Paul Graham has (as usual) a very interesting read about why VC's may soon not matter.
The current generation of founders want to raise money from VCs, and Sequoia specifically, because Larry and Sergey took money from VCs, and Sequoia specifically. Imagine what it would do to the VC business if the next hot company didn't take VC at all.
VCs think they're playing a zero sum game. In fact, it's not even that. If you lose a deal to Benchmark, you lose that deal, but VC as an industry still wins. If you lose a deal to None, all VCs lose.
This recession may be different from the one after the Internet Bubble. This time founders may keep starting startups. And if they do, VCs will have to keep writing checks, or they could become irrelevant.
His point is very, very good. But what about performance? Or startup competition? It's not as easy as "Ok, our curves are sky rocketing, and we're ramen profitable - we don't need no stinkin' VC money!"
It's about optimal performance. Can you reach optimal performance without the VC money? If there are more startups there is also more competition. You have to be noticed in the noise.
Consider this chart:
Cash burn over time.
Optimal Performance is about growing as fast as your market and customers allow you. If you burn too fast you waste money. If you don't have enough money you can't reach your optimal performance. Huh?
Well, we're in the disruptive Internet business right? That is: We're changing and adapting customer behaviour. But customers adapt slowly. Back in the bubble I used to work for Red Message. $20M investment by Goldman Sachs in 2000. The went bankrupt, but there are businesses today thriving on the very same idea. Many of the companies back in the bubble burnt through their cash faster than their customers adapter their behaviour. They were all Over Spending. Other examples include Boo.com and Letsbuyit.
Hardware, software, marketing and distribution are all ten to hundred times cheaper now than back in the bubble. But customers are still slow to adapt.
So what am I saying? Well... Sure, with ramen profitability and curves that make any VC open their fat wallet you may not need them. But are you performing at your optimal curve? I doubt it. You're likely Under Performing, even though you may not know it. Even if the tools available for marketing and CRM are cheaper, if you want to reach a global audience chances are you'll use traditional (old) media. Newpapers. Journalists. Catching their attention them takes time and money. Maybe less than before, but still.

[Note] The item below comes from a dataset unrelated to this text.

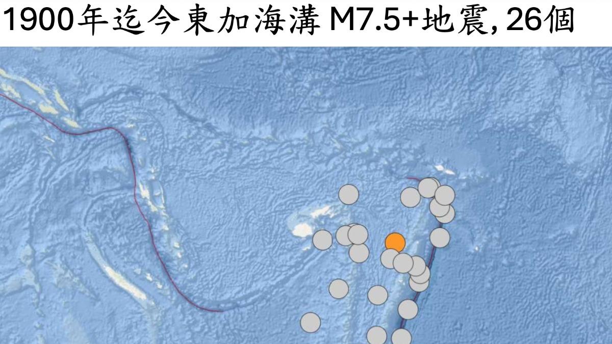 島國東加台灣時間今(24)日12時37分爆發規模7.5強震,震源深度236.7公里。地震專家郭鎧紋說明,這起是今年規模最大地震,也是今年第二起規模7以上強震,東加地區的地震活動相當頻繁,地球已經進入地震活躍期,之後要留意規模8以上強震。

Optimal performance is very hard. It's about spending your money where it impacts the changein behaviour and faster adaptation of your customer. And that is very, very hard. No cheap hardware-, software-, marketing-, CRM-, distribution-, whatever-model in the world will help you there. You may just want to watch your curves, listen to and understand your customer better etc. etc. It's all soft, ad-hoc, and less measurable. And finding your optimal curve takes monkey. At least more than ramen money.
So while many things are cheaper, taking VC money to perform at the optimal curve is still necessary in order to stand out in the noise, and outcompete the competition.
What do you think? If my logic is fuzzy, it's because it's friday and I need beer.